Even if it was because the director was getting handsy in the pantry.
The couple nodded in understanding or sympathy; it didn’t matter which. Their decision had already been made, and the right one to send home was Candace.
“Belle,” Madison said, “we liked your cake, too. We weren’t wowed by your flavors, but it was well done. Neither of us could find anything to complain about. Even Natsuki liked it.” That was a great compliment, in fact. Natsuki was notoriously picky, and with good reason. Wedding cake wasn’t served and eaten immediately like birthday cake. It wasn’t unusual for the slices to sit for several minutes, even hours, before getting eaten, and the cake itself would have been sitting out for hours before that. A good cake now might be terrible later, and Natsuki had identifying that down to an art.
“When we saw this cake, though,” Ronnie started, gesturing to it with a scowl and a wrinkle in his nose. He gave a half-hearted shrug as though defeated by the thing’s very existence.
“This cake is hideous,” Madison blurted out when Ronnie’s silence went on too long. “I’m sorry, but the design is awful. It looks like my grandma’s wedding cake, but my grandma’s was all white, at least . . . or ivory. Something like that. The pictures suck. I don’t get why I spent fifteen minutes talking to you if you were going to take two seconds of that conversation to base your entire cake on. You wasted my time. You wasted our time. Mine and Ronnie’s and Natsuki’s.”
Everyone remaining on the contestant row was stock still, not even breathing. There had been some severe bashings over the years, but this was particularly scathing. Then again, messing with the bride on her wedding day could get someone taken out back and beaten. Candace was tempted to lean forward to see if Laurin was holding Belle’s hand, too, but she was too scared to be the first person to move.
She felt bad for Belle. Yeah, they were in a competition right now, and Belle was a bitch at even the best of times, but that had been terrible to witness. Belle’s cake was ugly, no doubt about it, but Candace was nearly ready to argue for the old bat.
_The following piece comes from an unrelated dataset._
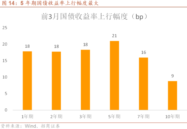 中美利差收窄可能将从两个方面影响国内市场收益率。一是汇率渠道。按照利率平价理论,若预期未来本币汇率贬值,那么当前市场利率应该上行。如前所述,2季度人民币汇率进一步贬值的可能性高,国内市场收益率将承受人民币贬值形成的上行压力。二是人民币债券需求下降形成的利率上行压力。2月以来,外资加速减持人民币债券,规模超过1000亿元。虽然外资对债券市场的影响力不及A股市场,但外资比较偏爱的1-5年期国债收益率今年以来的上行幅度明显高于7年和10年期国债。其中,今年前三月5年期国债收益率上行21bp,1-3年期国债均上行18bp,而7年期国债收益率上行16bp,10年期则仅为9bp。
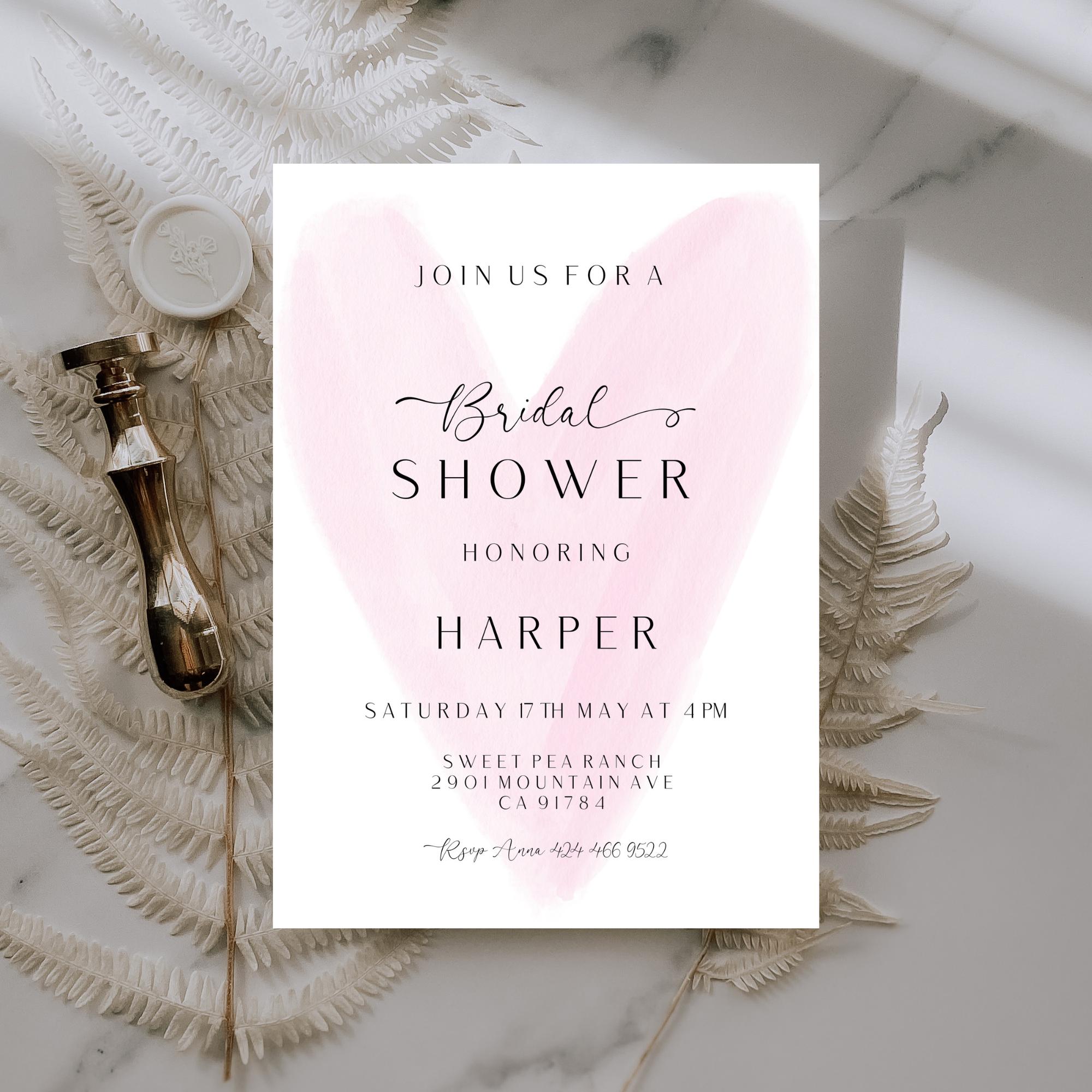Modern Bridal Shower Invitation Template Template. An Instant download digital file for you to edit in your web browser with Templett straight after your purchase. Once personalized you are ready to print.

But then Belle said, “I just wanted to bring some dignity to your wedding,” in that old grandma way that was also judgmental grandma, and Candace lost any sympathy for the woman. She’d gotten that speech at her own wedding. She may have been too pig-headed then to realize her mother was looking out for Candace in her own awful way, but she still wished her mother had shown her kindness on that one, singular day.
Ronnie took Madison’s hand the way Laurin still held Candace’s, absently but reassuringly, and said, “Candace, Belle, we expected more from both of you. Knowing these came from bakers who we had great respect for, knowing what you could have done but didn’t, really did hurt us.”
Candace wasn’t sure if she had leaned or if it was Laurin, but their arms brushed against each other, and the contact was good. She could hang her head in shame and know someone was watching out for her.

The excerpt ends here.